- Oxted ridden by Cieren Fallon at Newmarket July racecourse in August 2019
- Sire: Mayson
- Grandsire: Invincible Spirit
- Dam: Charlotte Rosina
- Damsire: Choisir
- Sex: Gelding
- Foaled: 6 March 2016
- Country: United Kingdom
- Colour: Bay
- Breeder: Homecroft Wealth Racing
- Owner: Homecroft Wealth Racing et al
- Trainer: Roger Teal
- Record: 16: 5-3-2
- Earnings: £514,741

Major wins
- Portland Handicap (2019) Abernant Stakes (2020) July Cup (2020) King's Stand Stakes (2021)

= Oxted (horse) =

British Thoroughbred racehorse

Oxted (foaled 6 March 2016) is a British Thoroughbred racehorse who specialises in sprinting. After running fifth on his only start as a juvenile he won a maiden race on his three-year-old debut and ended his second campaign with a victory in the Portland Handicap. As a four-year-old he made significant improvement to win the Abernant Stakes and July Cup. He added a further major success in 2021 when he won the King's Stand Stakes.

==Background==
Oxted is a bay horse with a white sock on his right hind leg bred in England by his owner Homecroft Wealth Racing, a syndicate which included Tony Hirschfeld, Stephen Piper and David Fish. He was sent into training with Roger Teal at the Windsor House Stable in Lambourn, Berkshire. He was gelded before the start of his racing career.

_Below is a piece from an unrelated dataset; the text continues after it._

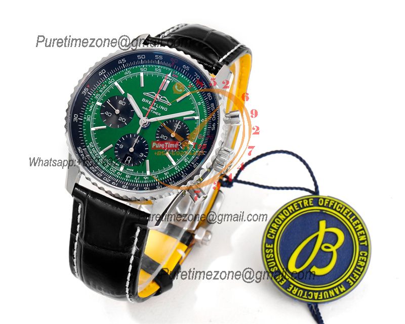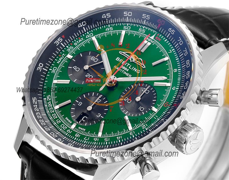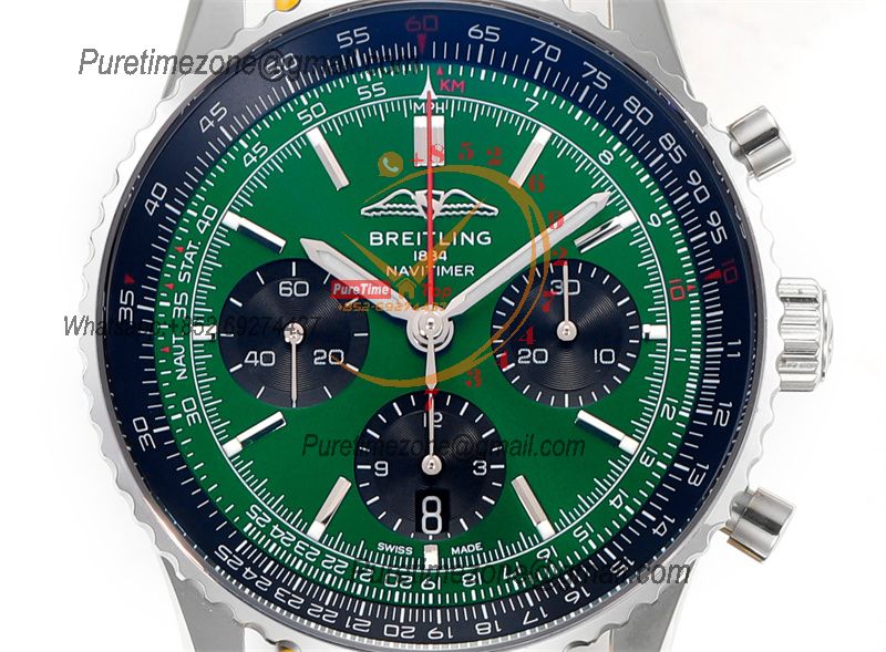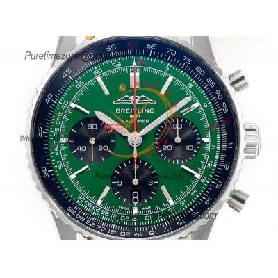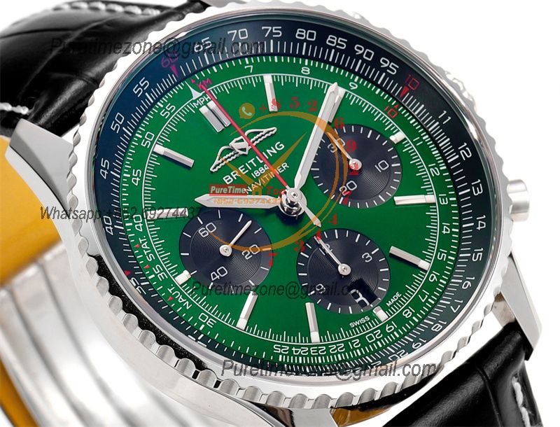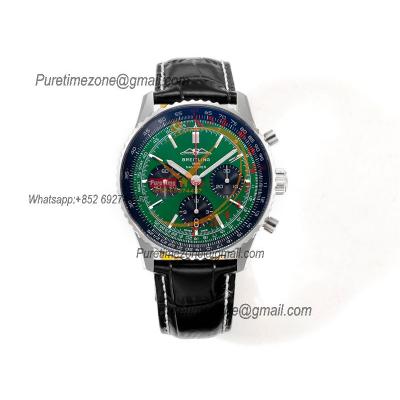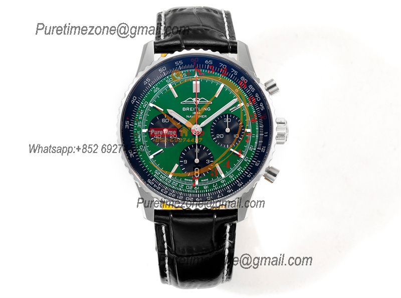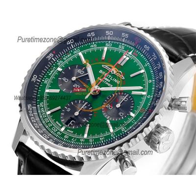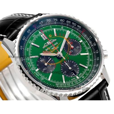 Navitimer B01 AB0138241 A7750 Automatic Chronograph Mens Watch Best Edition BLSF Green Dial Black Leather Strap

He was from the third crop of foals sired by the July Cup winner Mayson. Oxted's dam Charlotte Rosina showed some racing ability, winning four minor races from seventeen starts. Charlotte Rosina was a female-line descendant of Myrobella making her a distant relative of Snow Knight, Linamix, Big Game, Chamossaire and Policeman.

==Racing career==
===2018: two-year-old season===
On his racecourse debut Oxted started at odds of 33/1 for a maiden race over six furlongs on soft ground at Doncaster Racecourse on 10 November. Ridden by Liam Keniry he kept on well in the last quarter mile and finished fifth of the fourteen runners, beaten nine lengths by the winner Dazzling Dan.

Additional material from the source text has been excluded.